Attempting to manage AI as an extension of IT governance risks overlooking a fundamental difference: the probabilistic nature of model outputs. Server uptime can be defined as 99.9%, but the "correctness" of an AI model is context-dependent — the same input can yield different outputs.

The business use of generative AI is expanding rapidly, and the need for governance has shifted from a theoretical to a practical concern. In our AI consulting work in Thailand, we are increasingly hearing cases such as "employees were inputting customer data into ChatGPT" and "AI-generated contracts were sent out without noticing errors."

The risks of absent governance can be broadly categorized into three areas:

1. Legal risk: Fines of up to €35 million for violations of the EU AI Act, and violations of personal data protection laws
2. Reputational risk: Loss of trust if biased AI decisions become public
3. Operational risk: Cascading business failures resulting from decisions based on incorrect AI judgments

The EU AI Act (Artificial Intelligence Act) is the world's first comprehensive AI regulatory law and, like the GDPR, has extraterritorial application. Companies that provide AI services to users within the EU are subject to regulation regardless of where their headquarters are located.

The core of the EU AI Act lies in classifying AI systems into four risk levels and imposing different obligations on each.

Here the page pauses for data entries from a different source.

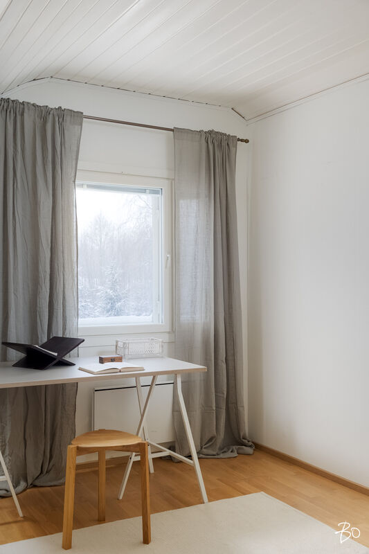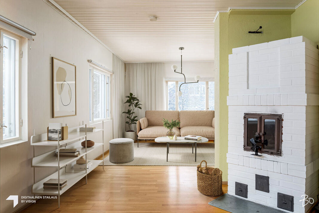 Keskikerroksessa on takka tuomassa tunnelmaa mutta toki myös lämmönlähteenä. Hiljattain on asennettu myös ilmalämpöpumppu lämmittämään ja kesällä viilentämään. Asumiskulut ovatkin kohtuulliset. Sisääntulokerros on kodin kiintopiste, tyypillisellä rintamamiestalon pohjaratkaisulla. Isohkot ikkunat päästävät valon kauniisti sisälle ja näkymä on kauas Olympiakylän raitille.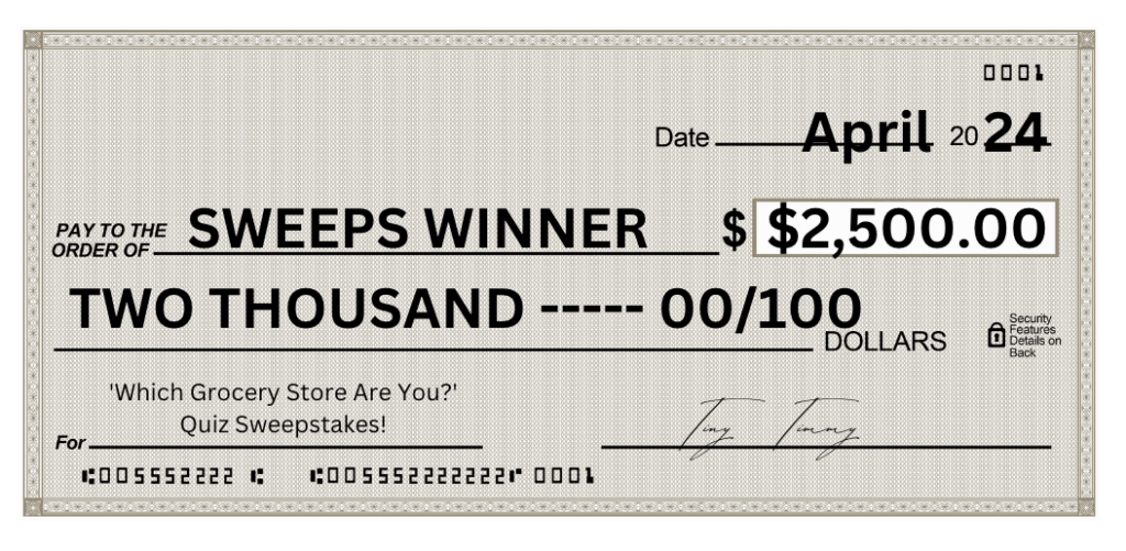 Here’s a quick recap of the key details for the ‘Which Grocery Store Are You?’ Quiz Sweepstakes: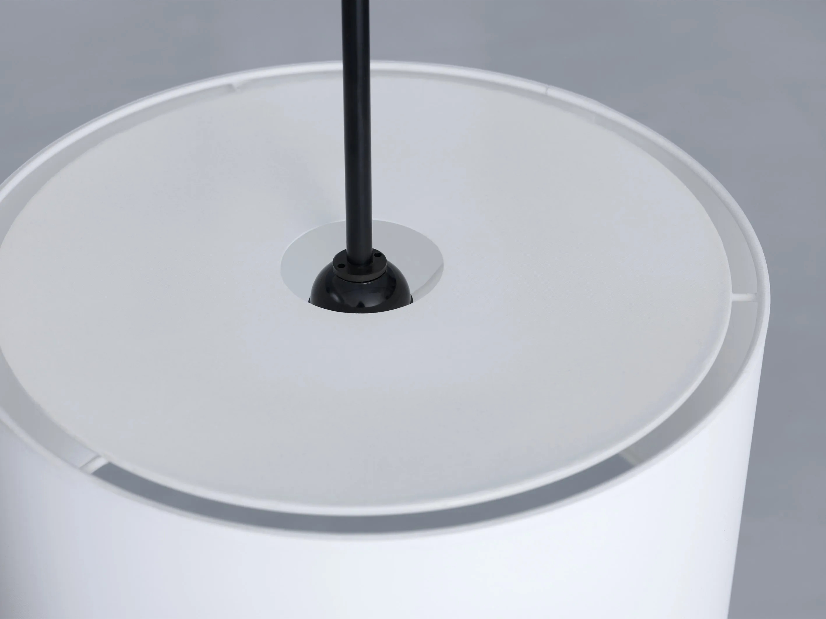 NOON 1 SMALL offers a sophisticated touch to any space, resembling a small moon with its subtle glow. Ideal for placement above a small table or beside a bed, this modern chandelier design features a textile lampshade available in white, light grey, warm grey, and black. The accompanying textile cable and canopy come in either white or black, complementing the overall aesthetic. Constructed with a sturdy iron frame, the lamp provides soft ambient lighting, enhanced by a diffuser to prevent glare. Designed for ceiling heights of 240 to 270 cm, it is height adjustable and earthed to minimize electromagnetic pollution. Recommended for use with an LED Parathom Classic P 40 DIM 4.5 W, E 27 bulb, this energy-efficient lighting solution is perfect for hotels, offices, retail spaces, restaurants, and residential interiors seeking modern LED interior lighting.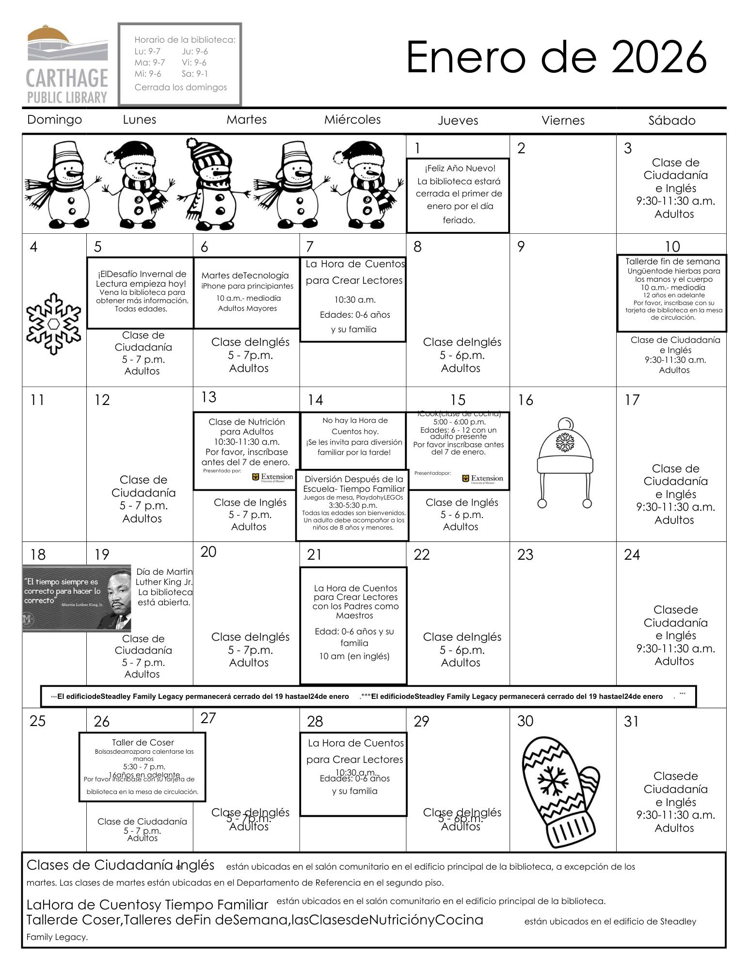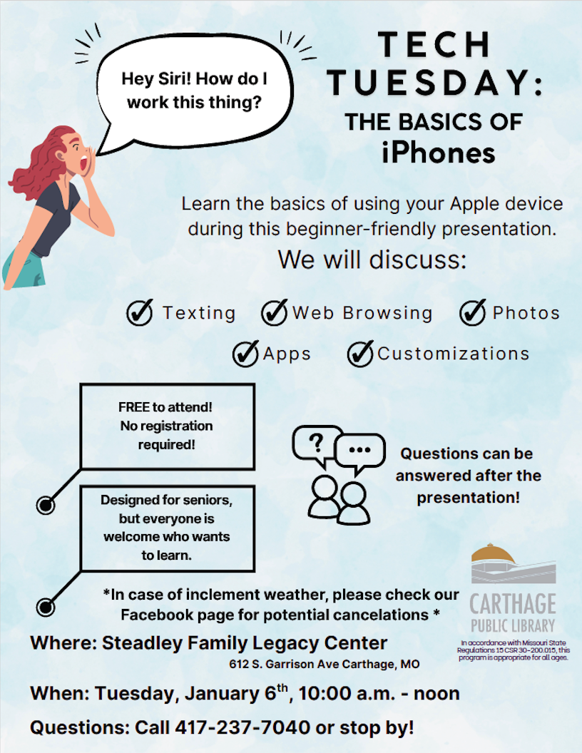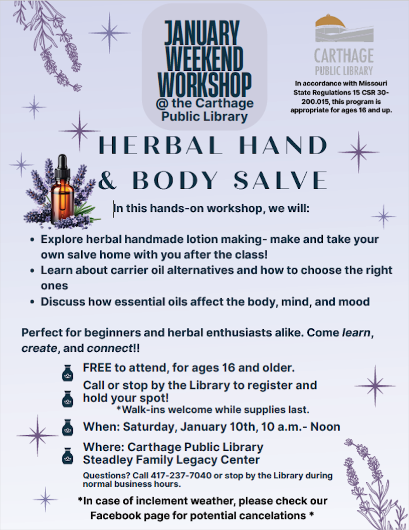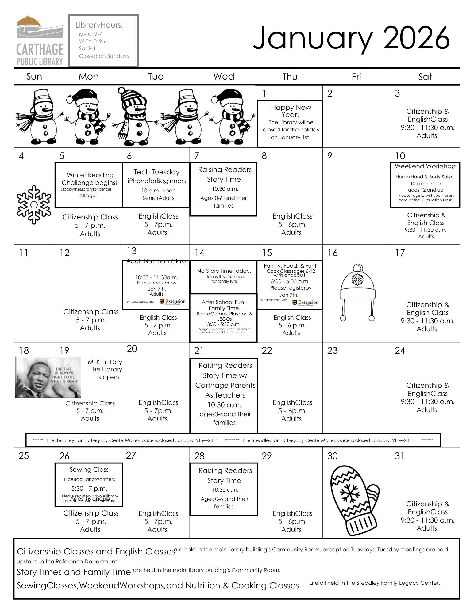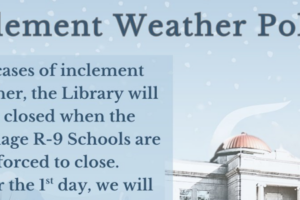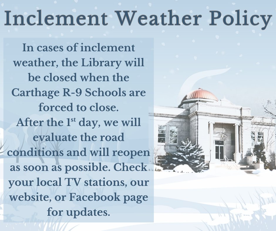In cases of inclement weather, the Library will be closed when the Carthage R-9 Schools are forced to close. After the first day, we will evaluate the road conditions and will reopen as soon as possible. Check your local TV stations, our website, or Facebook page for updates.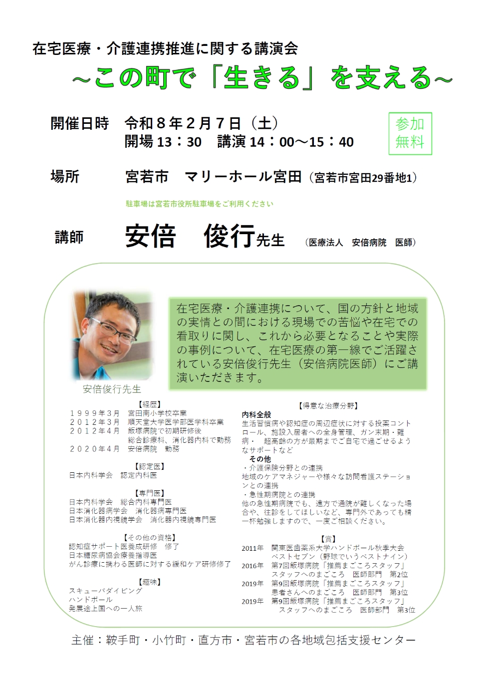 鞍手町・直方市・宮若市・小竹町では、在宅医療・介護連携の推進を図るため、下記の通り講演会を開催します。内容は、在宅医療・介護連携について地域の実情や、看取りについて、これから必要となることなどです。興味のある方は、鞍手町地域包括支援センターまでお申し込みください。(申込期限:令和8年1月30日)

1. Prohibited (Unacceptable Risk) Social credit scoring, real-time remote biometric identification (with exceptions for law enforcement), emotion recognition (in workplaces and educational institutions), and subliminal techniques that manipulate vulnerable groups. Penalties for violations can reach up to €35 million or 7% of global annual turnover.

2. High Risk Recruitment and HR evaluation, credit scoring, educational admissions decisions, safety management of critical infrastructure, law enforcement, immigration control, and more. Conformity assessments, CE marking, and registration in the EU database are required.

3. Limited Risk Chatbots, deepfake generation, and similar applications. Transparency obligations apply (i.e., disclosure that the system is AI).

4. Minimal Risk Spam filters, gaming AI, and the like. No special obligations.

In my conversations with companies across Southeast Asia, the most common source of confusion is determining which category their own AI systems fall under. For example, an internal recruitment screening tool would be classified as "High Risk," whereas an internal chatbot would remain in the "Limited Risk" category. It is easy to overlook the fact that even within the same umbrella of "AI tools," the level of regulation differs depending on the use case.

The EU AI Act is being enforced in phases, with different application timelines depending on the type of AI system covered.

Providers of general-purpose AI models (GPT, Claude, Gemini, etc.) are required to prepare technical documentation, disclose copyright policies, and publish summaries of training data. Companies that use these models are also subject to obligations, including disclosure requirements that AI is being used (for limited risk or above), as well as a duty to cooperate with conformity assessments for high-risk applications.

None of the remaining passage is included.